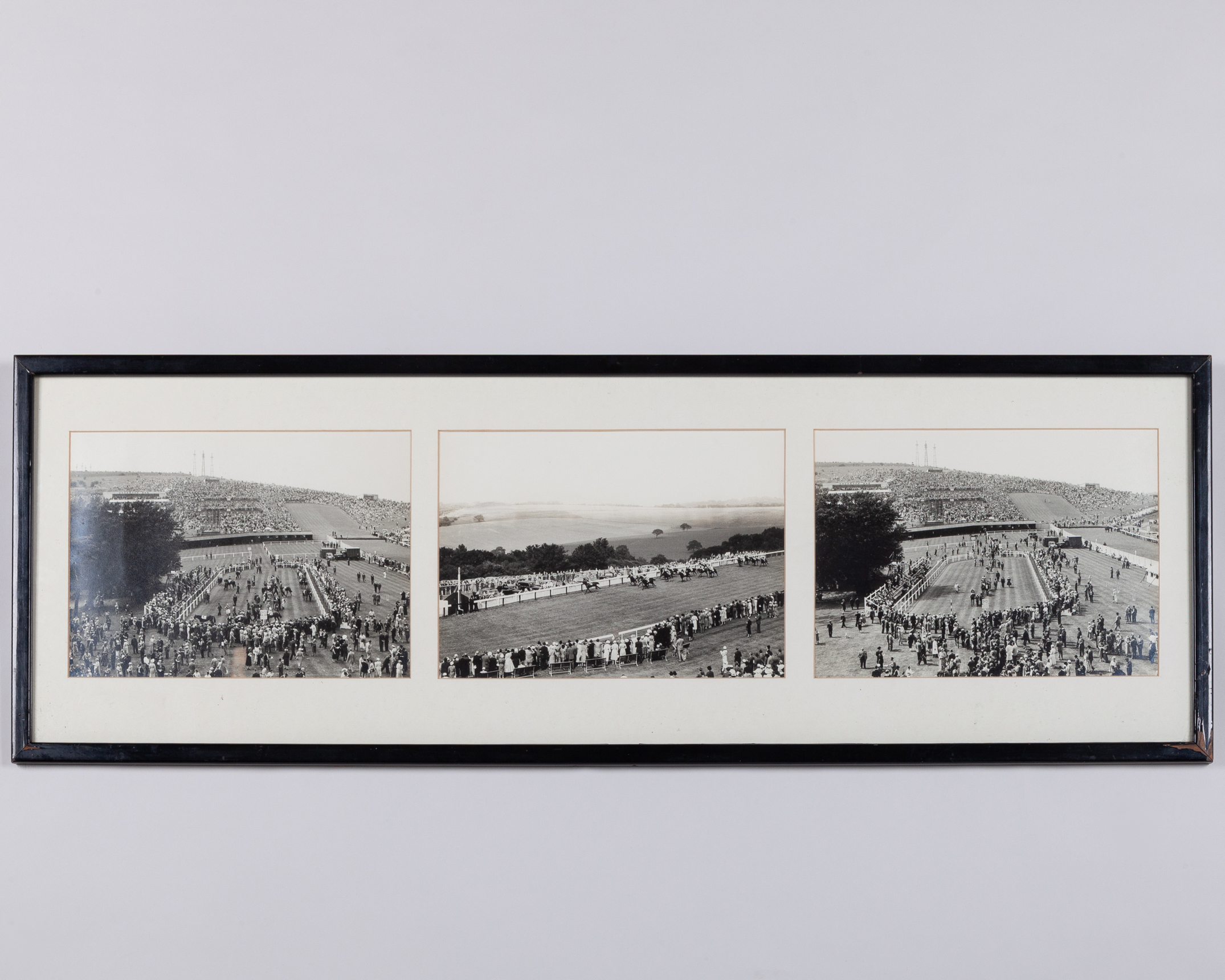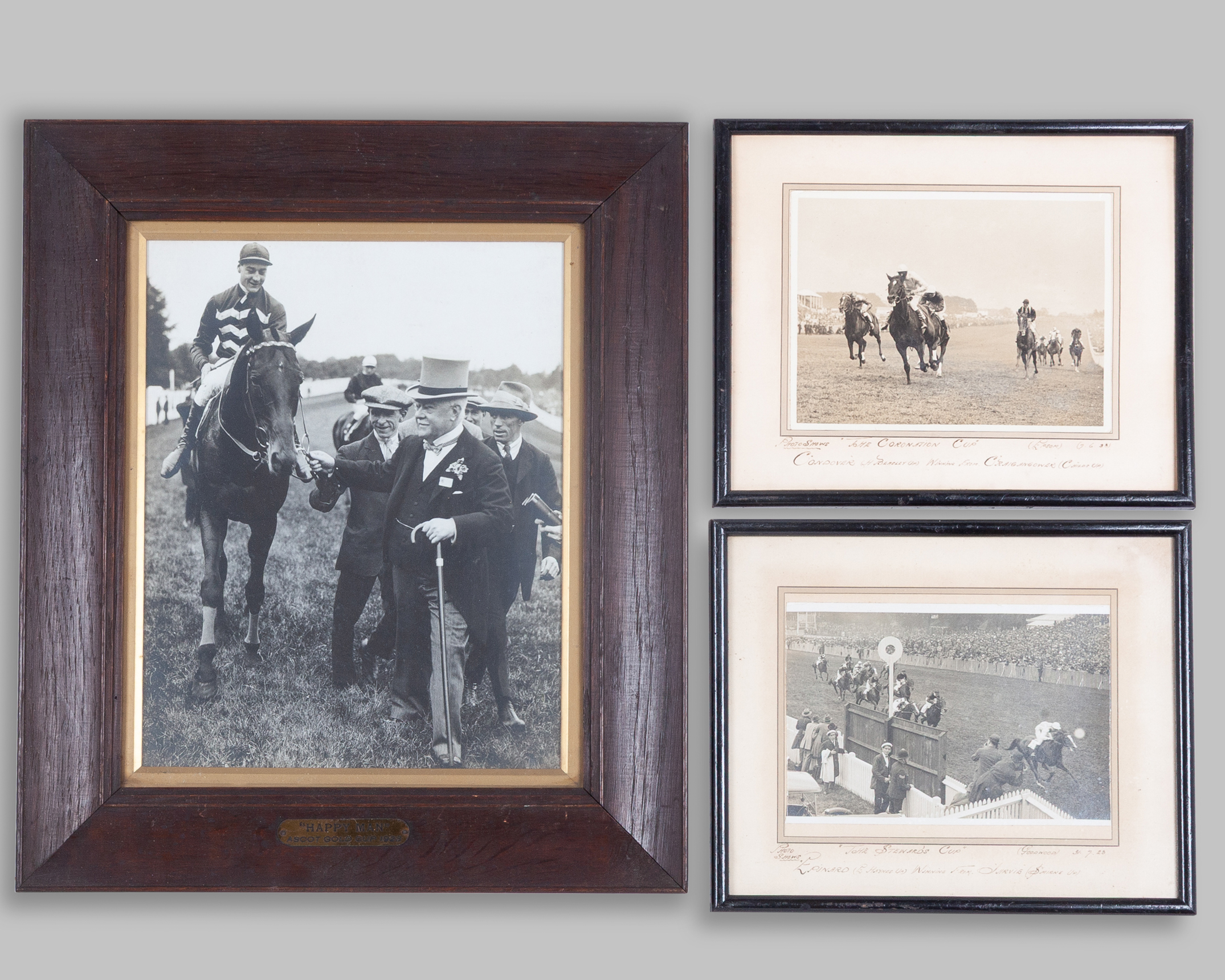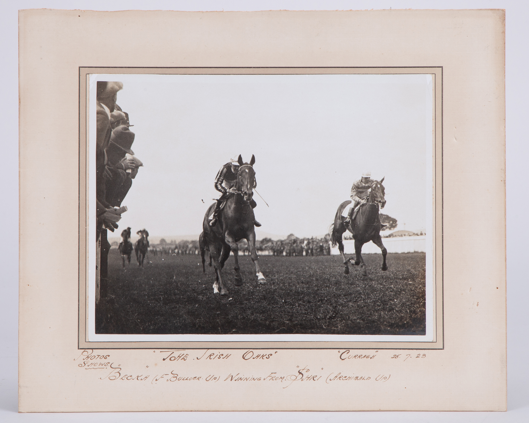 Collection of ten vintage horse racing photographs, framed unless otherwise stated, including seven from the 1920s comprising, framed: Epinard winning the 1923 Stewards' Cup; Condover winning the 1923 Coronation Cup; and a larger frame of Happy Man being led back in after his 1923 Ascot Gold Cup win; and an unframed photograph of Becka winning the 1923 Irish Oaks; later subjects including a triple-mounting of Glorious Goodwood scenes; a Goodwood race finish; other race scenes, one featuring Geoff Lewis; a portrait of the racehorse Grey Sovereign (damaged) and others
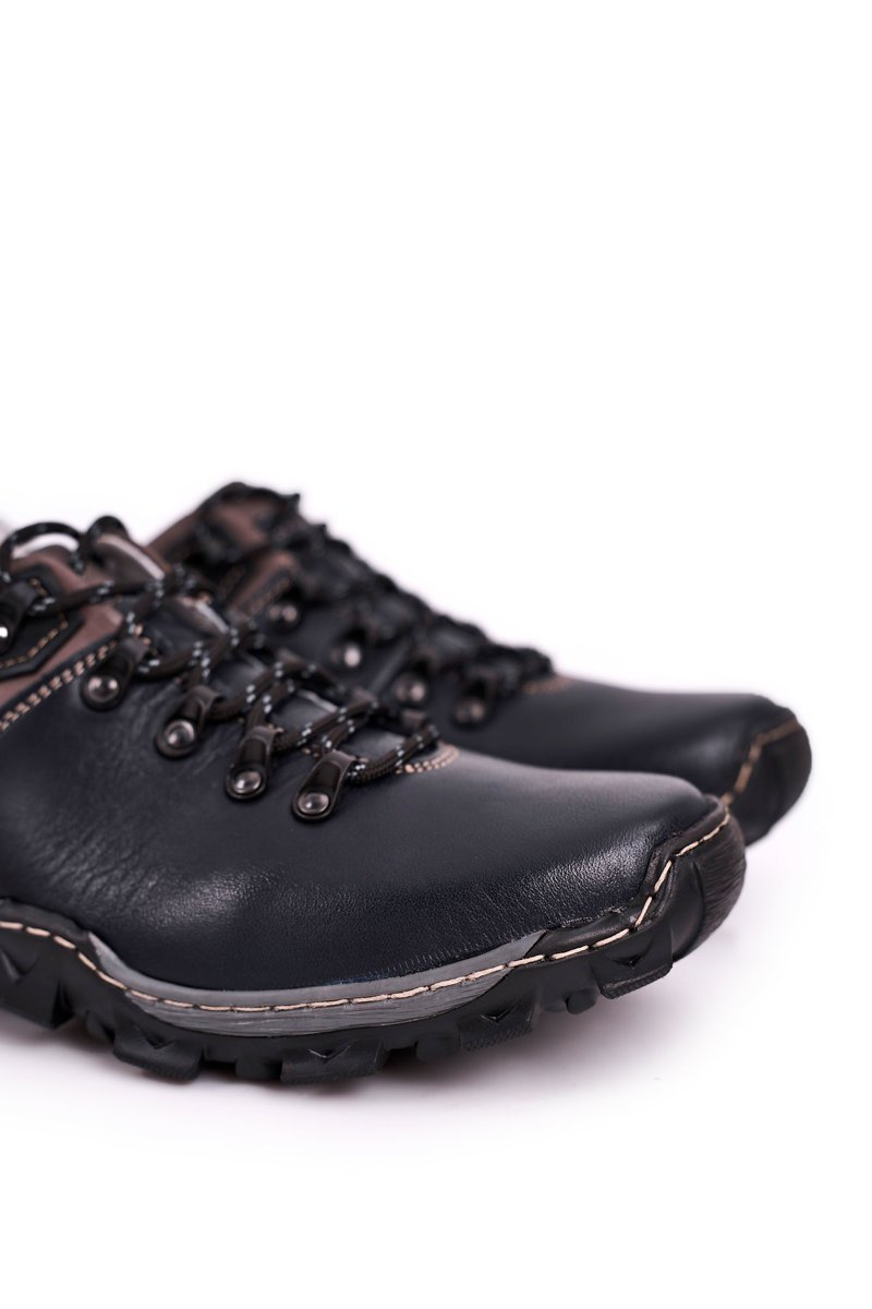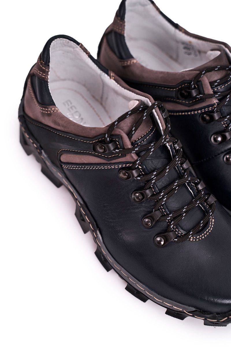 Men's Leather Trekking Half Shoes BEDNAREK Navy Blue
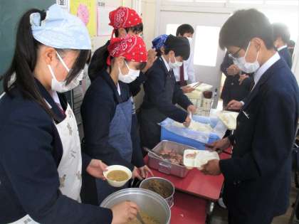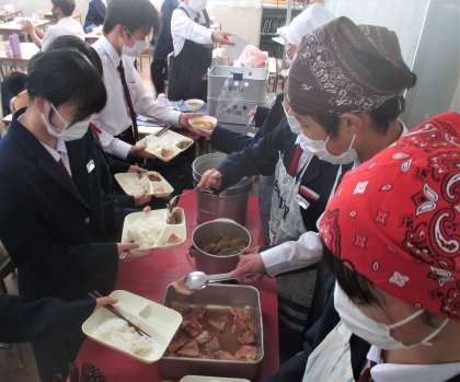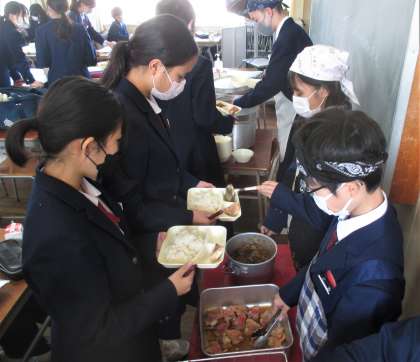 給食の配膳風景です。

# # # #

When copying the listing, print each line exactly but leave out every picture.

▸ Solution to this exercise:
 Collection of ten vintage horse racing photographs, framed unless otherwise stated, including seven from the 1920s comprising, framed: Epinard winning the 1923 Stewards' Cup; Condover winning the 1923 Coronation Cup; and a larger frame of Happy Man being led back in after his 1923 Ascot Gold Cup win; and an unframed photograph of Becka winning the 1923 Irish Oaks; later subjects including a triple-mounting of Glorious Goodwood scenes; a Goodwood race finish; other race scenes, one featuring Geoff Lewis; a portrait of the racehorse Grey Sovereign (damaged) and others
 Men's Leather Trekking Half Shoes BEDNAREK Navy Blue
 給食の配膳風景です。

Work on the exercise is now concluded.